Anna Salton Eisen is Lipstadt’s guest at confirmation hearing
Photo: Courtesy Anna Salton Eisen
From left, Anna Salton Eisen, Dr. Deborah Lipstadt and Sen. Jacky Rosen after the Feb. 8, 2022, Foreign Relations Committee hearing regarding Lipstadt’s nomination as special envoy to monitor and combat antisemitism with the rank of ambassador

Congregation Beth Israel’s first president represents synagogue, Jewish community

By Deb Silverthorn

It was a whirlwind 24-hours for Anna Salton Eisen from the time she left her Westlake home on Monday, Feb. 7, until her return the next evening. The in-between hours were spent on airplanes to and from Washington, D.C., to support Dr. Deborah Lipstadt, who was nominated by President Joe Biden to be the first special envoy to monitor and combat antisemitism with the rank of ambassador, as she testified during a hearing of the Senate Foreign Relations Committee.

“I was gone for a day but so much happened in that time. I represented my family, my congregation and my greater Jewish community,” said Salton Eisen. “And I felt proud to do so.”

Salton Eisen’s heart and spirit are fierce on the subject of antisemitism. Her parents survived the Holocaust, and she is a founder and first founding president of Congregation Beth Israel, which was attacked on Jan. 15 by an Islamist terrorist. She also vividly recalls protesting as a college student in 1977, when 149 people were taken hostage, 100 of them Jewish, at the B’nai B’rith International Headquarters, the Islamic Center of Washington and the Wilson building.  

Lipstadt and Salton Eisen’s relationship goes back a generation when Salton Eisen’s father George and Lipstadt communicated by letter and telephone about issues of the Holocaust. Their connection came full-circle when Salton Eisen’s daughter attended Emory University, where Lipstadt is a professor.

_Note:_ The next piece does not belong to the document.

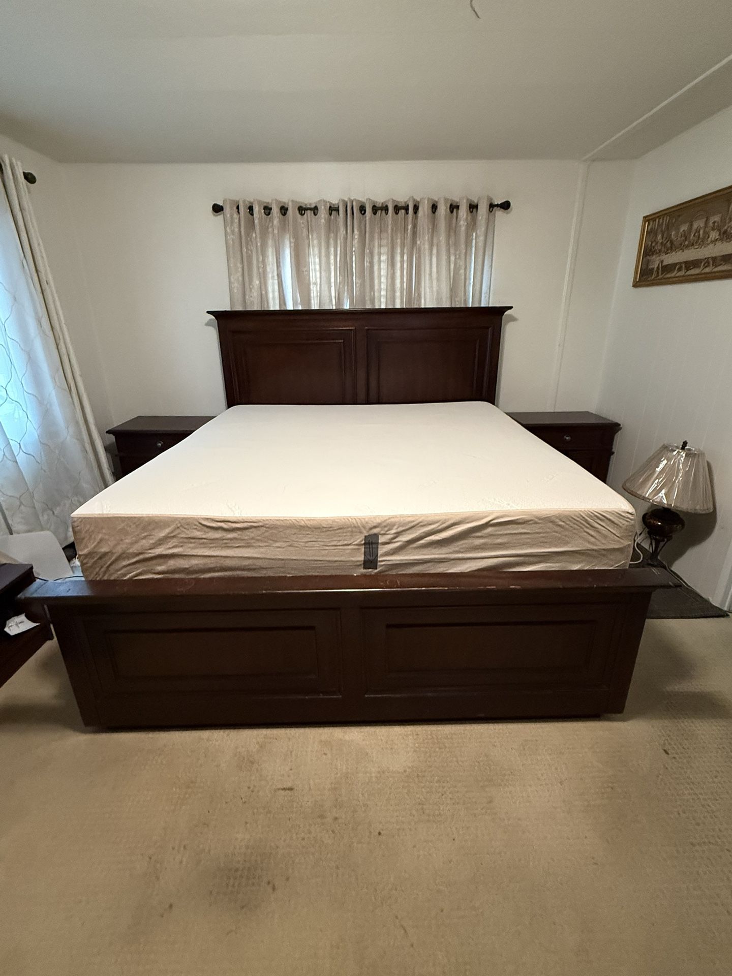 Comes with head and foot Board 2 night stands. Temperpedic mattress

Twenty years after Salton Eisen and her father published “The 23rd Psalm: A Holocaust Memoir,” and just months before the publication of her own “Pillar of Salt: A Daughter’s Life in the Shadow of the Holocaust,” she is both surprised, and not, that these issues are as prevalent as they are.

Salton Eisen had written to Lipstadt after her nomination last summer. After the hostage situation at CBI, she heard from Lipstadt, with an invitation to join her at the hearing. Also joining Lipstadt was Diane D’Costa, a graduate of the University of Virginia, the alma mater of Salton Eisen’s son Aaron, who hid in her room as marchers passed by in Charlottesville; it reminded Salton Eisen of how her own grandmother hid, then escaped, in Poland more than 70 years ago.

“Now, more than ever, we need Deborah Lipstadt’s confirmation and her leadership. We are slowly finding our way forward after the hostage siege but when asked how we will address the rising incidents of antisemitism, I point to her,” said Salton Eisen. “We need the leadership and scholarship she can bring to unify our efforts to battle the growing wave of antisemitism. I am but one voice and I will continue to raise it to ask for her confirmation.”

In her opening testimony, Lipstadt began with a blessing. “Baruch atah Adonai, Eloheinu melech ha-olam, matir asurim — blessed are you G-d, who frees the captives. This blessing was recited by Jews worldwide when we heard of the escape from the Colleyville, Texas, synagogue of the resourceful and incredibly brave captives,” said Lipstadt. “Many of us, fearing the worst, sat suspended over the void with another blessing at the ready, ‘baruch dayan emet — blessed is the merciful judge,’ the blessing Jews traditionally recite upon hearing of a death, particularly an untimely, tragic one.

“Senators, this was no isolated incident. Increasingly, Jews have been singled out for slander, violence and terrorism. Today’s rise in antisemitism is staggering,” said Lipstadt. “It is especially alarming that we witness such a surge less than eight decades after one out of three Jews on earth was murdered. Often, in their long history, Jews have felt abandoned. But then is not now, certainly not in the United States.”

After the hearing, nearly two hours long, Salton Eisen spent time talking with Lipstadt, then Sen. Rob Portman (R-Ohio) and finally, in his office, Sen. Ted Cruz. While not committing to supporting Lipstadt, Cruz professed his concern for CBI and other incidents of antisemitism in the state of Texas and around the country.

“It wasn’t the time for him to tell me what he would do but, once she is confirmed — and I believe she will be — I look forward to celebrating,” said Salton Eisen.

Salton Eisen was proud to have been a firsthand witness to the senate confirmation process.

“Being asked to be by Deborah’s side at this historic moment was incredibly meaningful,” said Salton Eisen. “Whatever I can do, wherever I can be, I am here.”